## [Task details]
In this exercise, return the whole listing exactly, excluding any images.

## [Data segment]
--*--
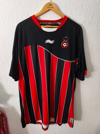 Camiseta de fútbol del OGC Nice FC. Diseño deportivo con detalles llamativos. - Color principal negro con franjas verticales rojas. - Escudo del club en el pecho. - Logo de la marca deportiva. talla 3xl
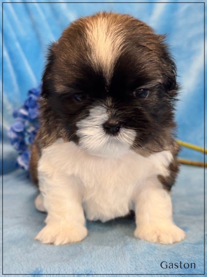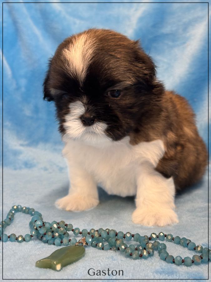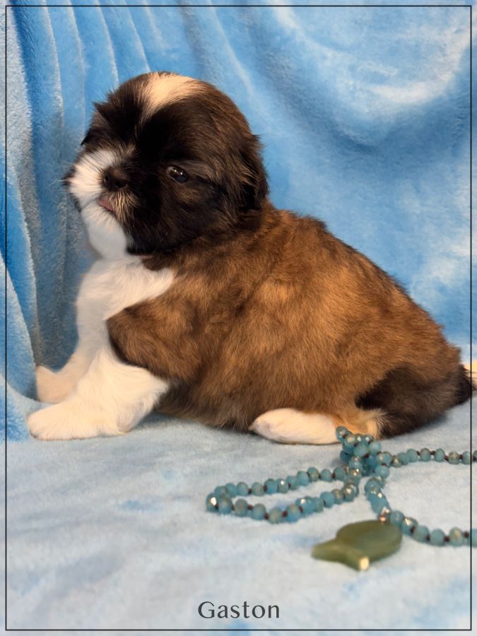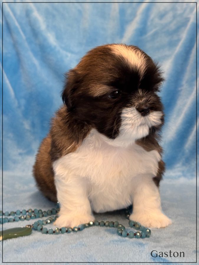 A réserver, Gaston, superbe mâle type shih tzu , fauve et blanc, tout en rondeur, véritable nounours, né le 15 décembre dernier , disponible à partir de fin février, issu d'une portée de 4 chiots , bon type et très belle qualité de fourrure.Les deux parents sont inscrits au Lof. Gaston est vendu pucé ,vacciné, certificat sanitaire de bonne santé, mutuelle pendant 2 mois offerte .Il est élevé dans un univers complètement familial, il fera le bonheur d'une famille. Il vous enchantera de part son look, son caractère ainsi que sa fourrure en abondance, facile d'entretien. Nous sommes proches de Lyon . Facilités de paiement possible en 4 fois par CB. Suivi et conseils après la vente. Garanti jusqu'à l'âge d'un an en cas de décès suite maladie ou malformation héréditaire ou congénitale
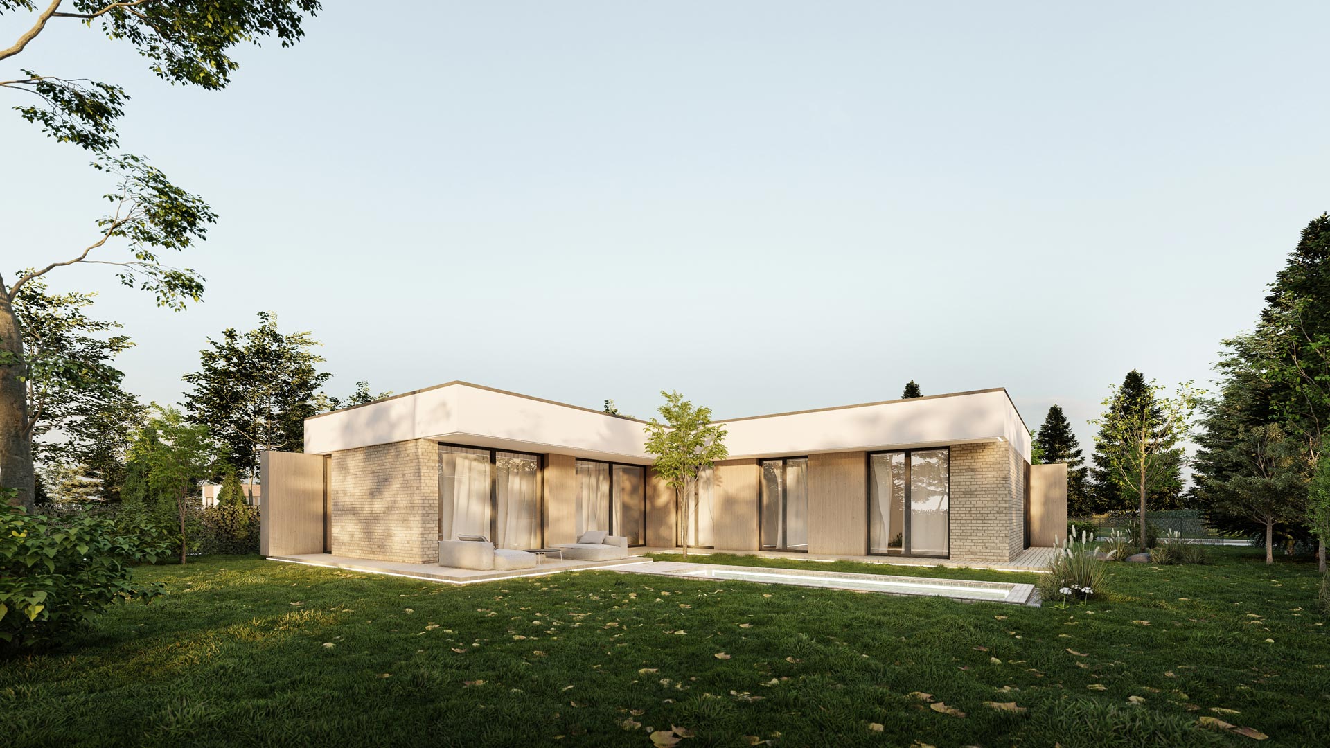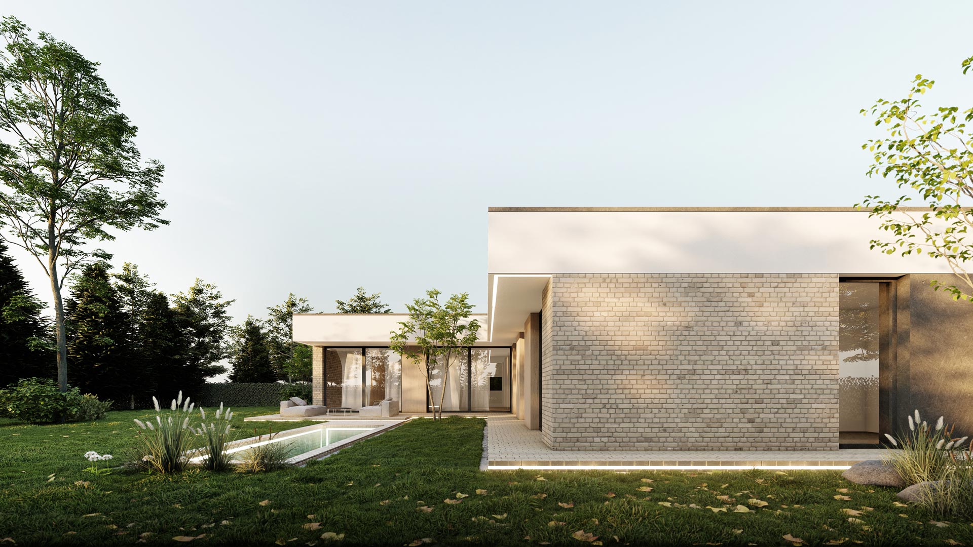 Fasádu domu dopĺňa decentný tehličkový obklad v teplom odtieni cappuccino, ktorý dodáva stavbe textúru, hĺbku a nadčasový charakter. V kombinácii s bielou silikónovou omietkou vytvára harmonický kontrast a prémiový vzhľad.
--*--
## [Written solution]
 Camiseta de fútbol del OGC Nice FC. Diseño deportivo con detalles llamativos. - Color principal negro con franjas verticales rojas. - Escudo del club en el pecho. - Logo de la marca deportiva. talla 3xl
 A réserver, Gaston, superbe mâle type shih tzu , fauve et blanc, tout en rondeur, véritable nounours, né le 15 décembre dernier , disponible à partir de fin février, issu d'une portée de 4 chiots , bon type et très belle qualité de fourrure.Les deux parents sont inscrits au Lof. Gaston est vendu pucé ,vacciné, certificat sanitaire de bonne santé, mutuelle pendant 2 mois offerte .Il est élevé dans un univers complètement familial, il fera le bonheur d'une famille. Il vous enchantera de part son look, son caractère ainsi que sa fourrure en abondance, facile d'entretien. Nous sommes proches de Lyon . Facilités de paiement possible en 4 fois par CB. Suivi et conseils après la vente. Garanti jusqu'à l'âge d'un an en cas de décès suite maladie ou malformation héréditaire ou congénitale
 Fasádu domu dopĺňa decentný tehličkový obklad v teplom odtieni cappuccino, ktorý dodáva stavbe textúru, hĺbku a nadčasový charakter. V kombinácii s bielou silikónovou omietkou vytvára harmonický kontrast a prémiový vzhľad.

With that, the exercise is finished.